My mother's brother and his family were coming for dinner on December 26.  The kids hadn't seen my father in quite some time and they wanted to see him before he passed.  But, they didn't make it in time.  While they were driving up from their home in South Jersey my father lost his battle with cancer.

Everything changes when you're father dies when you're still in your teens but you push on the best you can and do the best you can.

Since then I've had two "abnormal" moles removed but both have come back benign.  I take very good care of my skin and am very careful about the sun.  I wear a very high SPFm have UV hats, and limit my time outside.  People come up to me and ask if I'm sick or comment on how pale I am.  While my father was what is known as "black Irish" - darker complexion, darker hair, and dark eyes.  My complexion is full on Irish - pale, pale, pale.  But, you know what?  I may be pale but most everyone I meet things I'm at least ten years younger than I actually am.  I'll take that.

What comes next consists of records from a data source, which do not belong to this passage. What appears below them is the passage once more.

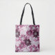 Tote Bag Fleurs roses et bordeaux sur rose poussiéreux
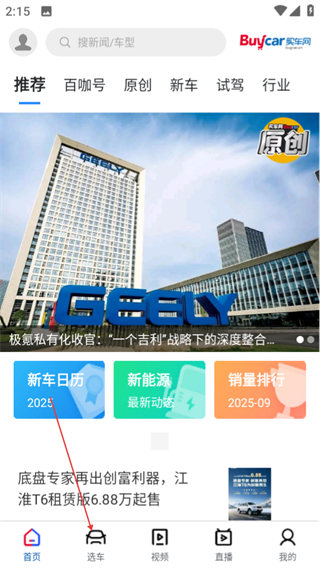 1、进入中国买车网首页后,点击底部的选车按钮,可进入选车页面。
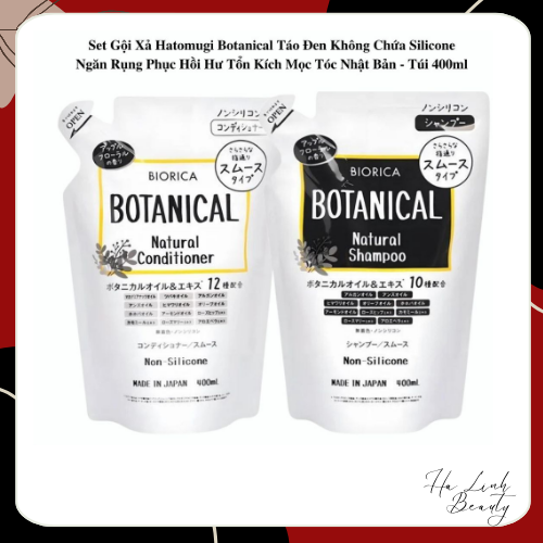 Cặp gội xả Hatomugi Botanical Táo Đen Nhật Bản giúp mềm tóc, phồng tóc, lâu bết gói 400ml
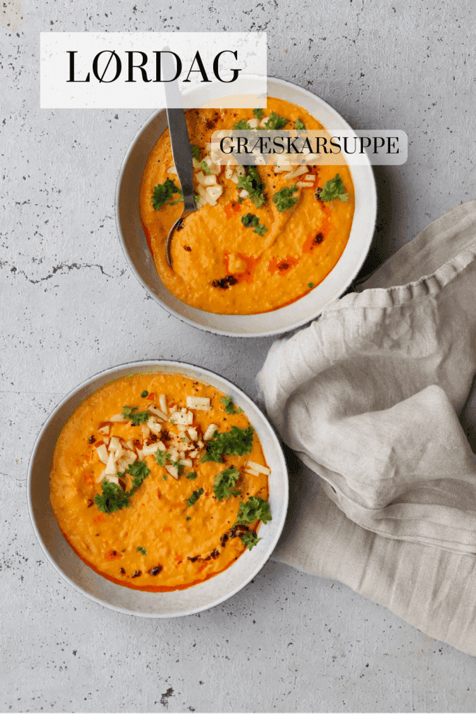 Lørdag er der en omgang græskarsuppe på menuen med karamelliserede græskar, flødeost og sambal oelek. Du kan enten blende alle græskar ud i suppen (som på billedet her.) Eller gemme lidt, som du ikke blender – men i stedet serverer til (det har jeg gjort på den der er linket til)
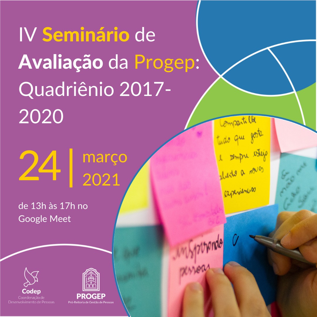 Convidamos todos os servidores da Pró-Reitoria de Gestão de Pessoas (Progep) a participarem do IV Seminário de Avaliação Institucional no dia 24 de março, das 13h às 17h. Essa edição do evento acontecerá em formato digital, pela plataforma Google Meet (https://meet.google.com/uds-hxfu-gkm), e tem como objetivo avaliar e refletir sobre o desempenho e conquistas da Progep no Quadriênio 2017-2020.
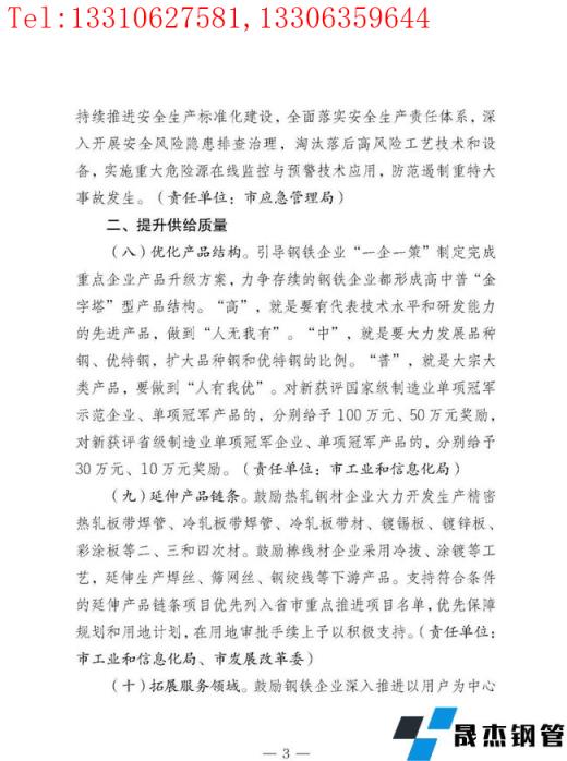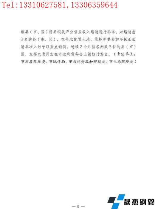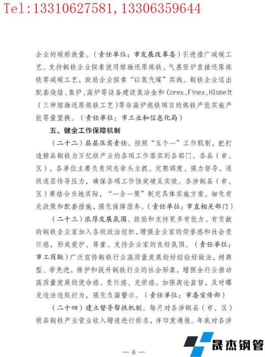 按照"五个一"工作机制,把打造精品钢铁为万亿级产业的各项工作落实到各部门、各县(市、区),结合当地实际,"一企一策"制定具体实施方案。鼓励和支持更多有能力、有贡献的钢铁企业家加入各级政治组织,广泛宣传钢铁行业高质量发展的好经验好做法,维护和提升钢铁行业的社会形象。加强舆论监督,及时曝光违法违规行为。建立督导帮扶机制。每月、年底对各涉钢县(市、区)精品钢铁产业营业收入增速进行排名,对增速前3名的县(市、区),在争取配置土地、能耗等要素和环保正面清单准入时予以重点倾斜。

Today's "inspection" went off without a hitch and I am pleased to report that nothing concerning was discovered.  The doctor was surprised to hear I had been in Los Angeles and Las Vegas only a few weeks ago.  You'd never know it by the state of my skin.

So, this is my PSA.  Take care of your skin.  Sun is good for you but too much can cause lots of damage.  So, as we wander deeper into spring and as summer approaches make sure you've packed a good bottle of sunscreen lotion (don't buy the spray - you're just inhaling aluminum and nobody wants that).  Get all your spots - top of the feet, ears, neck.  And get some sunscreen chapstick - Blistex makes one that's SPF 30.

But, no matter how careful I am one of those childhood sunburns could still rear it's ugly head.